Me encanta cuando estas lecturas errantes se detienen en la poesía, así que gracias por compartir algo de esta excelente poeta.

Es curioso, porque en los últimos tiempos he estado acercándome de nuevo a la poesía anglosajona, y comprendiendo cada vez más por qué Borges amaba tanto la literatura en lengua inglesa.

Saludos.

Lluís Salvador dijo...

Hola, Asterión:
No creas que a mí me encanta menos.

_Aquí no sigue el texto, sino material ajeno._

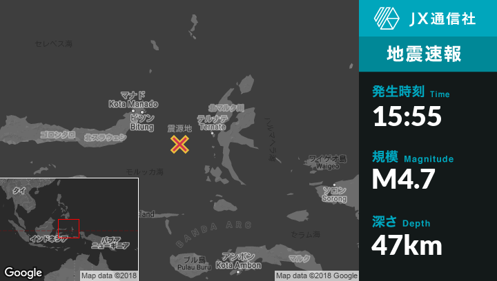 | 震源地 | インドネシアのKota Ternateから西南西119kmの地点 |
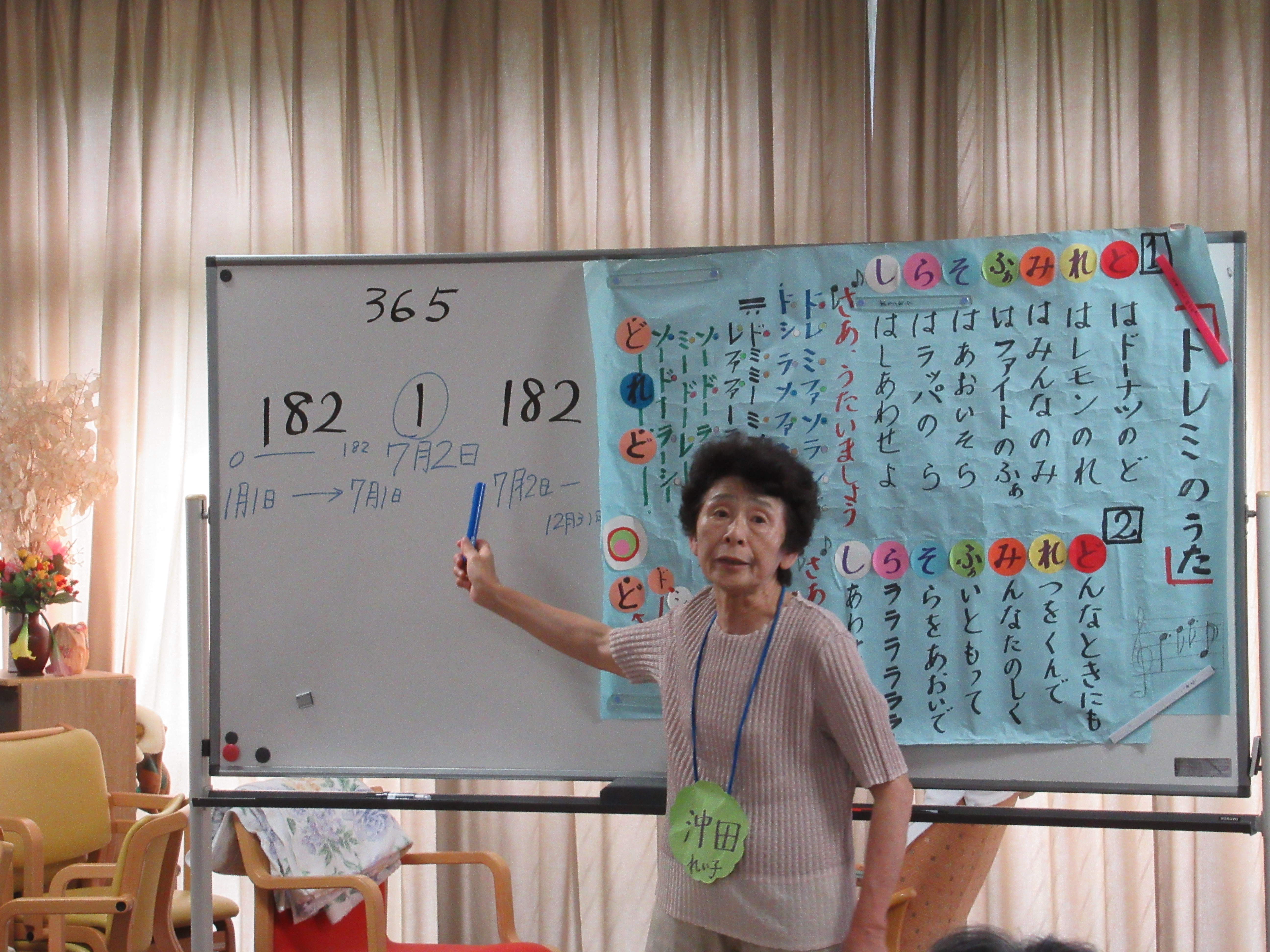 そして、今日7月2日は「へその日」だったそうです。1年のちょうど真ん中の日に当たるというお話をしてくださり、利用者の皆さんも「へぇ~」「そんながやぁ」と感心しておられました。

Mis dudas siempre vienen sobre la cuestión de que tocar la poesía podría ser como disectar una flor.
Respecto a la poesía anglosajona, es que siempre ha dispuesto de una libertad gramatical enorme, en la que puede subvertir posiciones que en otras lenguas parecen inamovibles, y en cambio, en la lengua inglesa, esta gramática se supedita al arte. Eso da una riqueza inmensa al lenguaje. Añádase una lengua que sustentiviza o verbaliza a voluntad y una cantidad de sinónimos enorme (lo de que el inglés es un idioma pobre no sé quién se lo inventó) y tendremos una base poética como pocas.
En cualquier caso, esto ha creado una tradición que pocas culturas tienen. Por fortuna, la española, aunque más rígida, no ha ido escasa de talento.
Un saludo!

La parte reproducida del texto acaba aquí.